The cause of the so-called Gombe War has long been debated. Some scientists attribute the schism to humans, charging that a change in the banana supply at the feeding station researchers used to lure chimps to the area precipitated the conflict. But a recent study of the copious notes Goodall and her team kept from the time points instead to a battle for status and power that might look uncomfortably familiar to humans.

In the years preceding the split, researchers noted what appeared to be tense and avoidant behavior between a male chimpanzee they named Humphrey—the group’s alpha, or most dominant male—and two rivals named Charlie and Hugh, the second- and third-highest ranking males.

“Humphrey was large and he was known to throw rocks, which was scary,” wrote Duke University professor Anne Pusey, a co-author of the study who witnessed the conflict in the Gombe as a doctoral student in the 1970s. “He was able to intimidate Charlie and Hugh separately, but when they were together he tended to keep out of the way.”

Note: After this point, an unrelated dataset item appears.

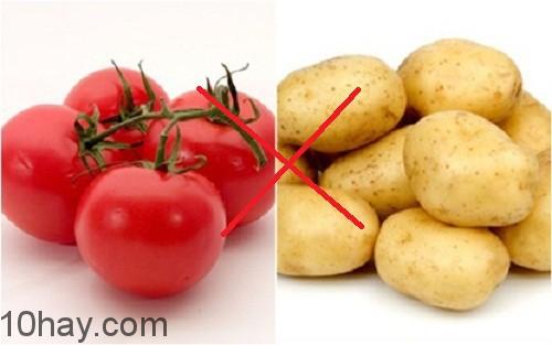 Hai loại thực phẩm kỵ nhau này sẽ làm cho ta đau bụng, tiêu chảy và rối loạn tiêu hóa nếu kết hợp chúng với nhau. Ở cà chua có nhiều chất pectin và nhựa phenolic nên khi chúng kết hợp với khoai tây trong dạ dày sẽ tạo thành chất gây hại cho cơ thể con người.
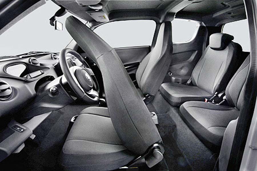 Beim ersten Kontakt sind wir schon beeindruckt, wie viel Platz er trotz betont kompakter Außenmaße innen bietet. Selbst große Passagiere stoßen mit dem Kopf nicht ans knapp 1,6 Meter hohe Dach. Auch Arm- und Beinfreiheit sind dank 1,75 Meter Breite und langem Radstand (2,2 m) völlig ausreichend dimensioniert. Auf den beiden Fondsitzen sitzen natürlich nur Kinder und Heranwachsende ordentlich bequem.

At the same time, reproductive patterns had resulted in an unusually high male-to-female sex ratio of five males to one female. This left the Gombe community with too many male chimps competing for too few female mates.

Primates compete for the thing that most affects their ability to mate and reproduce, said Joseph T. Feldblum, a postdoctoral associate at Duke University and the study’s lead author. For females, that’s typically food. For males, it’s typically females.

And the most important thing that gives males a competitive edge in reproduction is status.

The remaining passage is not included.